Fortunately error-diffusion isn’t the only thing that can be used to dither an image. Imagine we want to turn an image composed of a single shade of grey into a dithered version. If the shade is about 30% black then we’d expect 30% of the pixels in the output to be black. The problem is just how we select these 30%. One approach would be to determine the threshold for a pixel to turn black or white depending upon where in the image it is, making sure to pick these thresholds such that they match our intuition about percentages of pixels. This is what’s called ordered dithering, pattern dithering, or positional dithering. A big benefit to not having any context (save for the pattern itself) is that every pixel can be individually processed in parallel on a GPU. On an epaper laptop I assume the GPU will go mostly idle anyways, and since almost all general purpose CPUs nowadays comes with a GPU it would be a shame not to utilise it. For such ordered dithering there are many different patterns we can use, perhaps the most well known being a Bayer matrix. Compared to error-diffusion algorithms though, the result is a bit lacklustre:

This doesn’t suffer from the dependency problem, nor the warm-up problem. But we have some new problems, the first of which I call the pattern problem. As you can see the pattern of the dithering mask is clearly visible in this image, which can be quite distracting. The error-diffusion algorithms also suffers from various degrees of the pattern problem, but it’s more obvious here as the Bayer matrix is a very small pattern, so the repetition is clearly visible. An alternative to avoid the obvious patterning is to use a blue noise pattern:

Because the “pattern” here is just noise it is no longer as discernible in the output, in this image the pattern is the same size as the image. If you tiled a smaller pattern you could be able to discern some structure, especially in large single colour areas, but a lot of the repetition is hidden by the noise. Since the size of the monitor is known I can easily just create a blue noise pattern for the entire screen, so this test is more realistic. The second problem is what I call the transition problem. Since there is no context from surrounding pixels hard edges are often softened up. Especially the text is harder to read compared error-diffusion dithering because the hard edges are preserved better and even the Bayer matrix performs better because the pattern is much less organic. The boxes around the text and along the bottom also has fuzzier borders, and even Davids sharper features are a bit softened. Applying a different threshold to every pixel like what both the Bayer matrix and blue noise does will indeed give us the right amount of black pixels, but in a way it means that we lose resolution. The sharp transitions from one colour to another doesn’t quite resolve properly and appear noisy in the output image.

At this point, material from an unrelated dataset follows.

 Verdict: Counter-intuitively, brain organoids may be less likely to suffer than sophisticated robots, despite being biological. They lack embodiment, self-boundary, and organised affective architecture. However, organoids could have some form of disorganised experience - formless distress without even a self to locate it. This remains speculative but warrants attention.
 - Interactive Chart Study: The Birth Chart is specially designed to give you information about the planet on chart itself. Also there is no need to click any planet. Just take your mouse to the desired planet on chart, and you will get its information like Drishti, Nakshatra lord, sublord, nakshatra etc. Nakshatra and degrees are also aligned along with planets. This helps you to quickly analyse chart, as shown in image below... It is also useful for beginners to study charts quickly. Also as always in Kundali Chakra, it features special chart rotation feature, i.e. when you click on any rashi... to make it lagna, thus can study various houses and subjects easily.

Another algorithm fitting in with ordered dithering is a dither which uses some simple functions to generate what is effectively a pattern on demand. This is nice if you don’t have memory for the pattern, but for my use case it would probably be faster to use the algorithms to generate a pattern and then do the dithering on the GPU. The visual results are somewhere between Bayer and blue noise, here the 3rd pattern is shown:

There is a bit of the patterning problem, although less than with the Bayer matrix. There’s also some of the transition problem, but the increased pattern means it appears less like a blur and more like an artefact for better or worse.

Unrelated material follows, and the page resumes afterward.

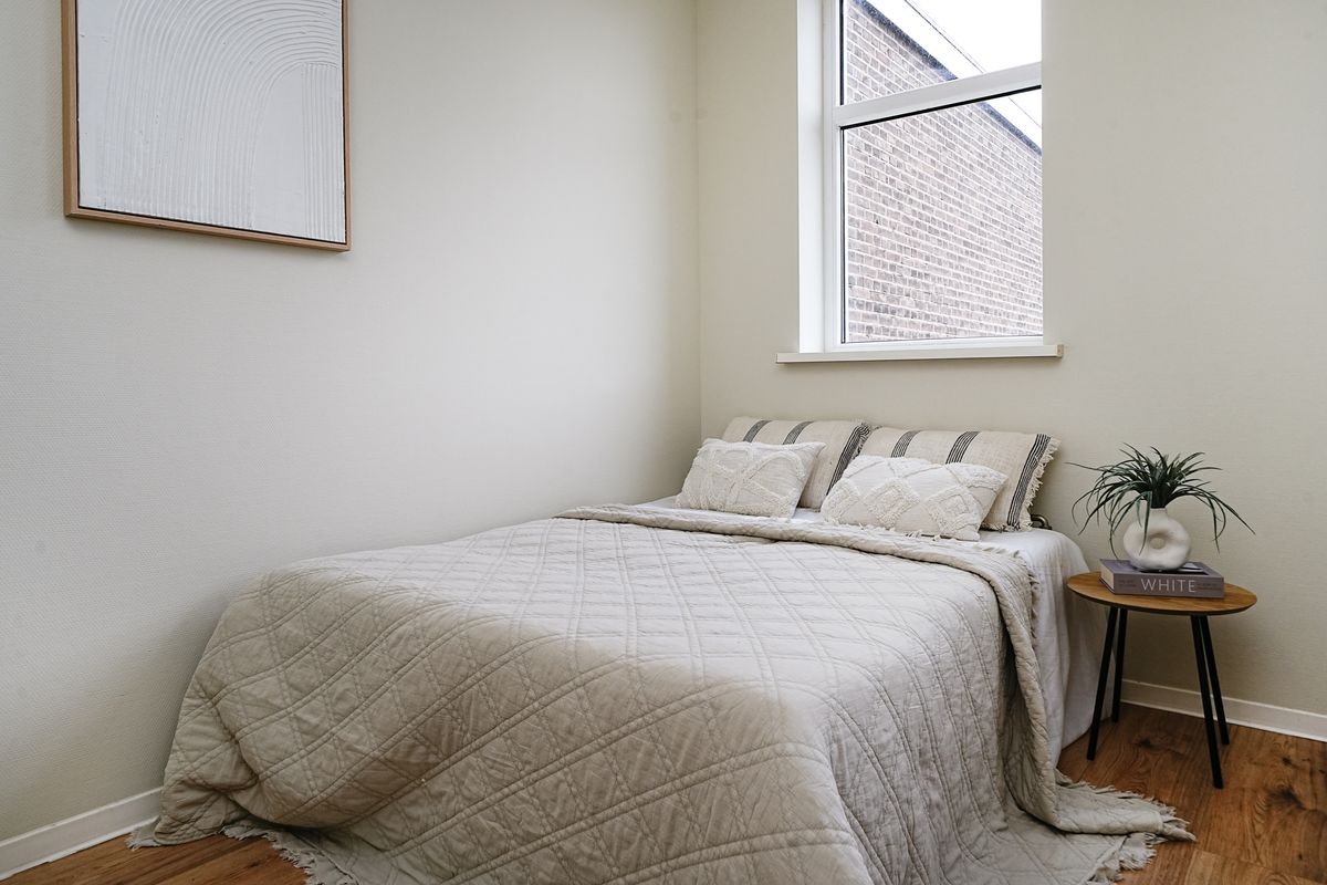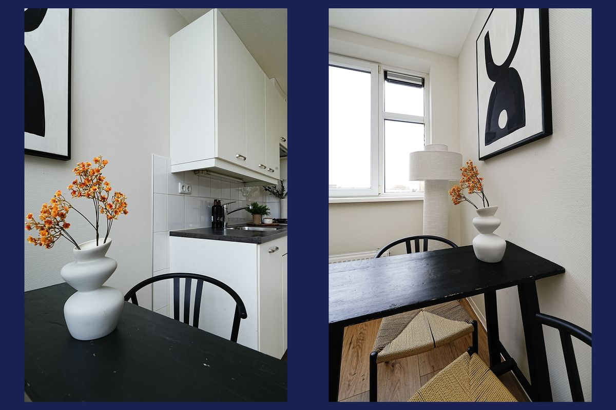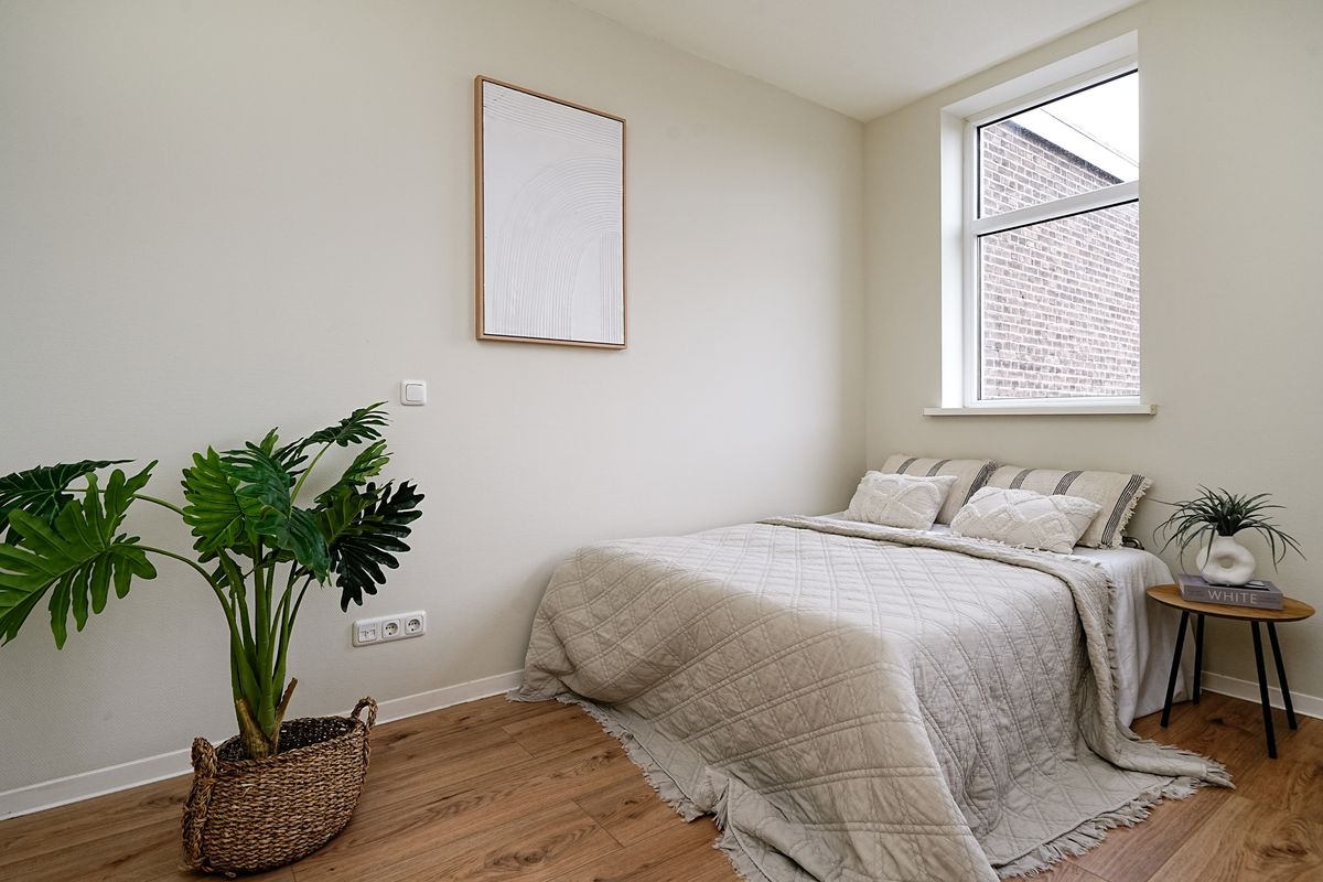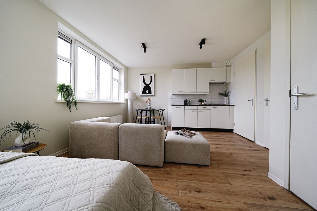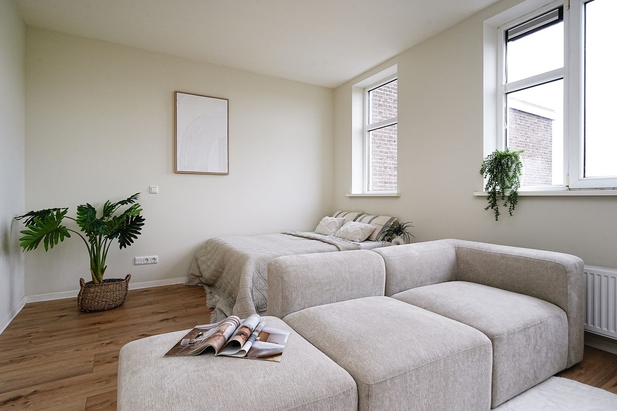 Door de grote raampartijen in kunststof kozijnen is er veel natuurlijk lichtinval en er is leuk uitzicht richting de binnentuinen aan de achterzijde. Er is een gezellige zithoek en eethoek gecreëerd. Er is ook genoeg ruimte om een tweepersoonsbed en een kast te plaatsen.

I’ve spent a lot of time trying to squeeze more graphical fidelity out of these ordered dithering methods. For example the resolution of the panel I’m using is high enough that a perfect chequerboard looks almost indistinguishable from the 50% grey colour in the 16 colours mode. This means that the Bayer matrix dithering actually looks better on the panel itself than if you’re looking at this on a regular screen. It also means that the blue noise pattern looks slightly worse since it never features this pattern. So I tried to create a hybrid, a blue noise pattern, but reorganised such that it would create chequerboard grey. It works in the sense that it creates that nice chequerboard for the 50% grey, but it now has some clustering which doesn’t look great. All in all I’d say it’s about par on the real panel, maybe only a touch better. When using methods that feature chequerboard grey, which the Floyd-Steinberg method also does, I’ve found that applying a slight filter that pushes colours towards full black, half grey, and full white will make certain scenes better. Certainly something I will experiment more with in the future.

I also tried to use some edge-detection algorithms and use the result of those to influence a blue noise pattern, in this way hoping to get slightly crisper edges while still retaining that organic look. It does work, but I’ve struggled with tuning all the parameters right to get a good effect. The pattern used for the above image is made by creating an edge-detection of the input manually in GIMP with the “Difference of Gaussians” method which was then level adjusted to be more more black and white. This edge-detection was then used as a mask for a half grey image over the blue noise pattern. A half grey pattern is the same as simple thresholding so essentially this makes it so that hard edges switches to thresholding while the rest is blue noise dithered. The effect is subtle, but it does reduce the transition problem making the text slightly easier to read, and the crispness of Davids features are slightly improved. However these edge-detection algorithms aren’t computationally cheap, and I’m not sure if the juice is worth the squeeze so to say.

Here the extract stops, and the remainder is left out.